## Work instructions
Please set down each entry exactly, omitting any picture it holds.

## Dataset items
=== Section Start ===
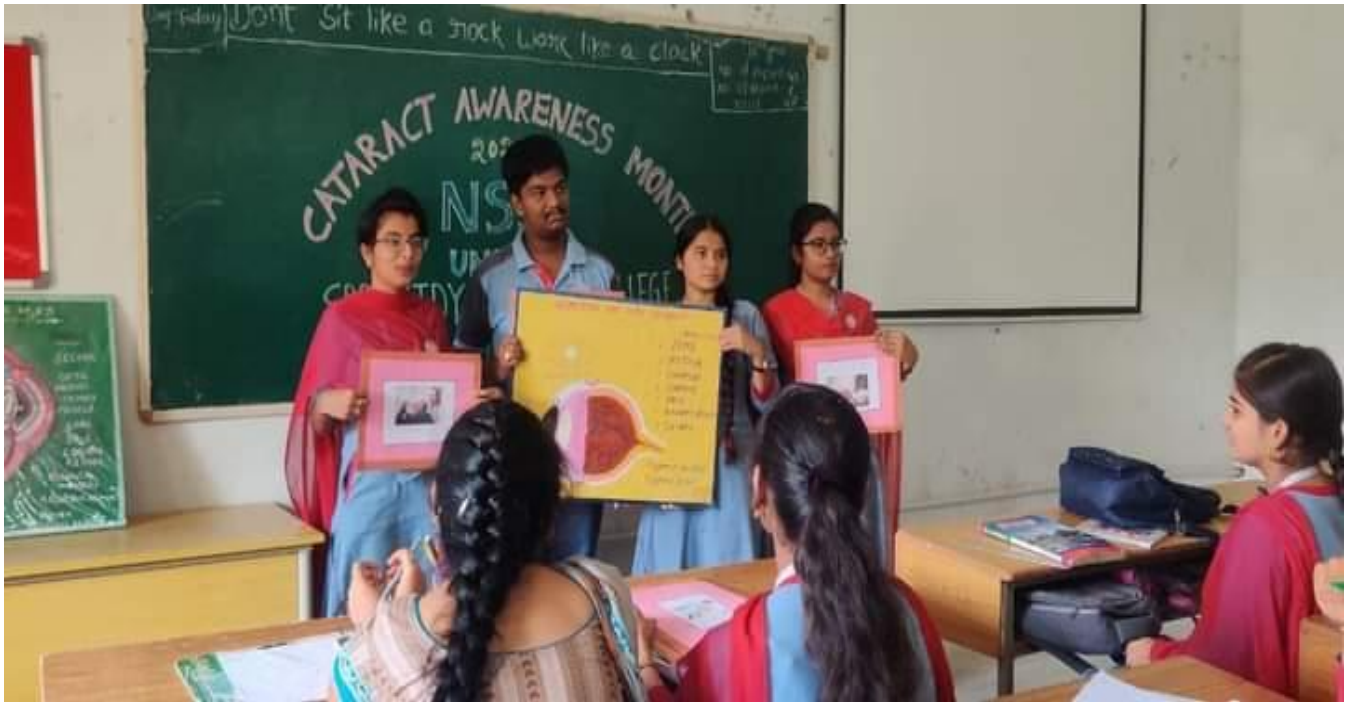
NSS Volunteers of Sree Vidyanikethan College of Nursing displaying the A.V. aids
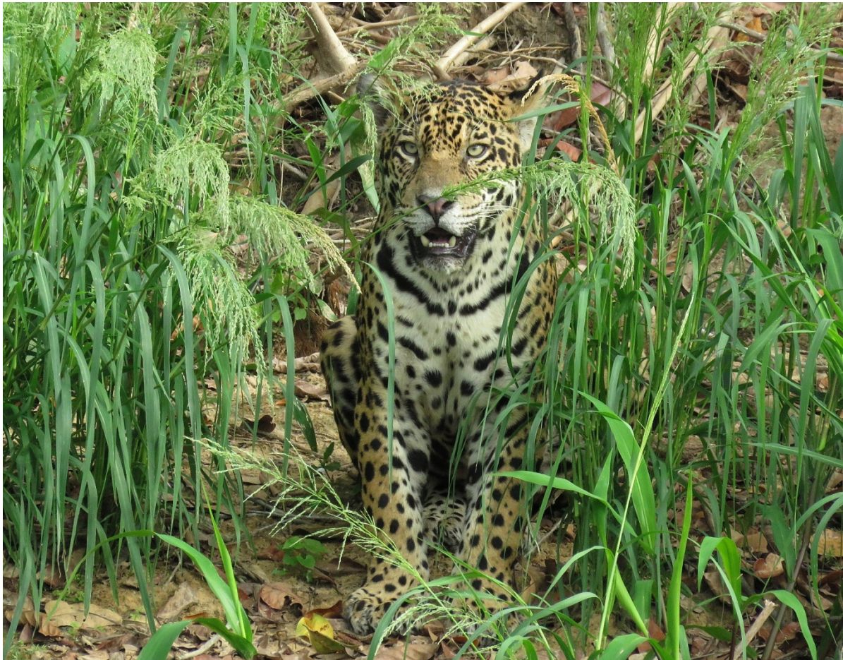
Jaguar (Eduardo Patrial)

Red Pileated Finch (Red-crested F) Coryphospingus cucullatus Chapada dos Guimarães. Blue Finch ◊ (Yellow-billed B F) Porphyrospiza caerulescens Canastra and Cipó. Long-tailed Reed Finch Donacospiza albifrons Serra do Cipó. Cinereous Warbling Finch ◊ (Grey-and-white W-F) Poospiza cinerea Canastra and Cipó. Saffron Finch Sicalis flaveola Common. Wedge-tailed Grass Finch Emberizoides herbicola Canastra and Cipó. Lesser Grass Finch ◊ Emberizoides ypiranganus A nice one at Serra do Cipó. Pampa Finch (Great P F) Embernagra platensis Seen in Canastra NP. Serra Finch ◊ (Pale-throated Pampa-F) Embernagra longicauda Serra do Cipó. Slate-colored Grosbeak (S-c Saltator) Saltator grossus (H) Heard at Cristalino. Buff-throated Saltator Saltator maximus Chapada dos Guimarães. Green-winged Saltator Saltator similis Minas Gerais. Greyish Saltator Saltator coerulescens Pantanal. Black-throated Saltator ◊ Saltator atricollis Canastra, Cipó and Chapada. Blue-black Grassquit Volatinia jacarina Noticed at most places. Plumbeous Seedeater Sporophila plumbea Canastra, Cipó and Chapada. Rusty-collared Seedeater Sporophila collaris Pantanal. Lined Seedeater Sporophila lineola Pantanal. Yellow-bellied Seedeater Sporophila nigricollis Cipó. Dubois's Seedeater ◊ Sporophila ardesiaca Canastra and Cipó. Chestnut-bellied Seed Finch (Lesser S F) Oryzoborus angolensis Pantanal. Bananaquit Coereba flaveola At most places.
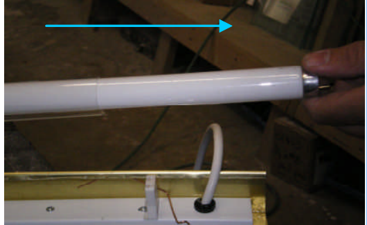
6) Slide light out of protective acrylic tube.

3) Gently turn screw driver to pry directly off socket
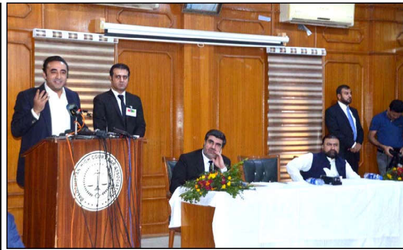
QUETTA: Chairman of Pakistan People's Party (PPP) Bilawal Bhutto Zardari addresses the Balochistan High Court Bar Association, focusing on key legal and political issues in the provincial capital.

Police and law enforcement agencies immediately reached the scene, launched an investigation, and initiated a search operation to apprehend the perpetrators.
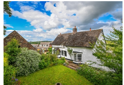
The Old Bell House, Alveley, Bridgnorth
=== Section End ===
## Exercise response
NSS Volunteers of Sree Vidyanikethan College of Nursing displaying the A.V. aids
Jaguar (Eduardo Patrial)

Red Pileated Finch (Red-crested F) Coryphospingus cucullatus Chapada dos Guimarães. Blue Finch ◊ (Yellow-billed B F) Porphyrospiza caerulescens Canastra and Cipó. Long-tailed Reed Finch Donacospiza albifrons Serra do Cipó. Cinereous Warbling Finch ◊ (Grey-and-white W-F) Poospiza cinerea Canastra and Cipó. Saffron Finch Sicalis flaveola Common. Wedge-tailed Grass Finch Emberizoides herbicola Canastra and Cipó. Lesser Grass Finch ◊ Emberizoides ypiranganus A nice one at Serra do Cipó. Pampa Finch (Great P F) Embernagra platensis Seen in Canastra NP. Serra Finch ◊ (Pale-throated Pampa-F) Embernagra longicauda Serra do Cipó. Slate-colored Grosbeak (S-c Saltator) Saltator grossus (H) Heard at Cristalino. Buff-throated Saltator Saltator maximus Chapada dos Guimarães. Green-winged Saltator Saltator similis Minas Gerais. Greyish Saltator Saltator coerulescens Pantanal. Black-throated Saltator ◊ Saltator atricollis Canastra, Cipó and Chapada. Blue-black Grassquit Volatinia jacarina Noticed at most places. Plumbeous Seedeater Sporophila plumbea Canastra, Cipó and Chapada. Rusty-collared Seedeater Sporophila collaris Pantanal. Lined Seedeater Sporophila lineola Pantanal. Yellow-bellied Seedeater Sporophila nigricollis Cipó. Dubois's Seedeater ◊ Sporophila ardesiaca Canastra and Cipó. Chestnut-bellied Seed Finch (Lesser S F) Oryzoborus angolensis Pantanal. Bananaquit Coereba flaveola At most places.
6) Slide light out of protective acrylic tube.

3) Gently turn screw driver to pry directly off socket
QUETTA: Chairman of Pakistan People's Party (PPP) Bilawal Bhutto Zardari addresses the Balochistan High Court Bar Association, focusing on key legal and political issues in the provincial capital.

Police and law enforcement agencies immediately reached the scene, launched an investigation, and initiated a search operation to apprehend the perpetrators.
The Old Bell House, Alveley, Bridgnorth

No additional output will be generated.